Power-Outage-Classification-Model

By Jun-Hee Hwang and Gabriel Cha

Introduction

Finding the cause of an outage may save a lot of time for repair workers. If they’re aware of the cause (i.e. severe weather, intentional attack, or equipment failure), workers may have a better idea of which equipments were more likely damaged during the event.

For example, if severe winds were the cause of the outage, workers may focus their attention on large power lines or towers that most likely knocked down during high winds.

Therefore, our goal is to predict the cause of outages using a multi-class classification model.

We will use accuracy to evaluate the performance of our classification model. We chose accuracy over f1-score because we are not performing a binary classification. Accuracy is sufficient metric to summarize the model’s capability on multiclass classification.

We will being using a dataset acquired from DOE׳s Office of Electricity Delivery and Energy Reliability and U.S. Energy Information Administration.

Rows and Columns

There are 1534 rows and 6 columns in the dataset that are relevant to our classification model.

The column CAUSE.CATEGORY is our response variable (i.e. the variable we are predicting).
The column CLIMATE.REGION contains the region of where outages occurred. Some regions may be more susceptible to certain cause of outages.
The column ANOMALY.LEVEL contains the (ONI) index referring to the cold and warm episodes by season. Low anomaly levels may lead to more severe weather, causing power outages.
The column ‘OUTAGE.DURATION’ marks duration of the outage in minutes. Outages caused by fuel supply emergency may last longer on average than other causes.
The column CUSTOMERS.AFFECTED counts the number of customers affected by the outage. Outages caused by severe weather (i.e. hurricanes or tornadoes) may affect more customers than outages caused by slanting which usually affects smaller groups of customers.
The column POSTAL.CODE provides the location of which state the outage occured in.
The column CLIMATE.CATEGORY contains represents the climate episodes based on a threshold of ± 0.5 °C for the Oceanic Niño Index (ONI). Severe weathers such as hurricanes are more likely to happen during higher temperatures with warm gusts of winds.

Data Cleaning

To ensure that the insights and conclusions drawn from the data are accurate and reliable, we cleaned our dataset in the following manner:
1. Excel to CSV Format We converted the Excel file to CSV format. Since CSV only accepts data points separated by commas, we deleted the title and description in the Excel file so that the data is readable into pandas DataFrame.

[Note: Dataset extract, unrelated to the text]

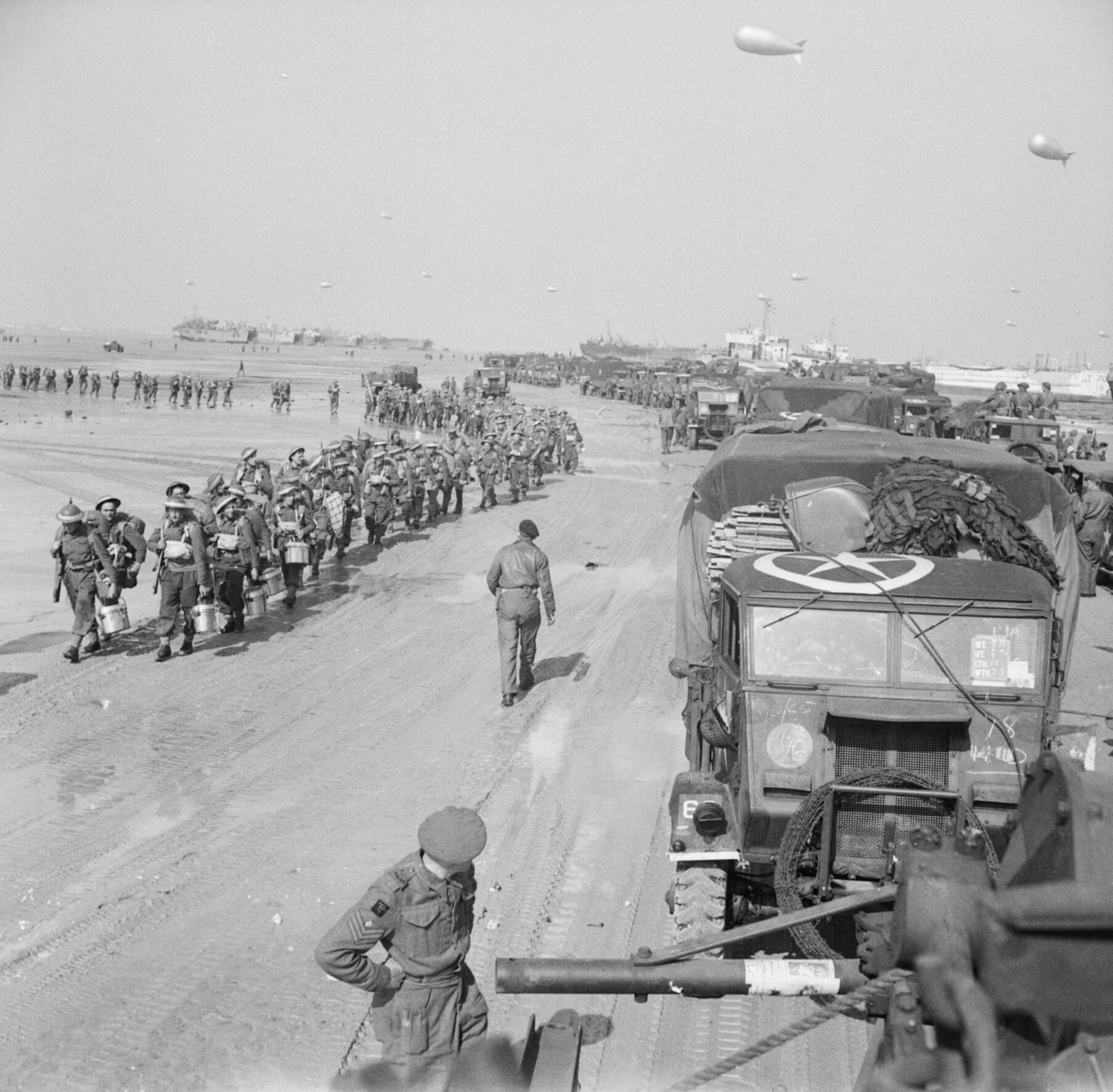 A column of troops, vehicles, and supplies offloading at Gold Beach the day following the invasion.

2. Filter Out Unnecessary Columns Out of the 55 columns, we kept 6 and created 1 new column. The reason for dropping over a dozen columns were because they were unnecessary fitting our multiclass classification model. For example, we did not require the percentage of inland water area in the state. While it may be important data points, it was unnecessary for the scope of this project.

3. Fill NaN values in OUTAGE.DURATION From previous data exploration, we discovered that the missingness of OUTAGE.DURATION depends on ‘CAUSE.CATEGORY’ with a statistically significant p-value of 0.002. Therefore, we imputed the mean OUTAGE.DURATION conditioned on CAUSE.CATEGORY.

4. Handle NaN values in ANOMALY.LEVEL Out of 1534 values, the ANOMALY.LEVEL columns contained 9 NaN values. Through data exploration, we discovered the missingness did neither depended on the region or the cause of outage. Therefore, due to its low significance, we dropped the 9 values from the DataFrame.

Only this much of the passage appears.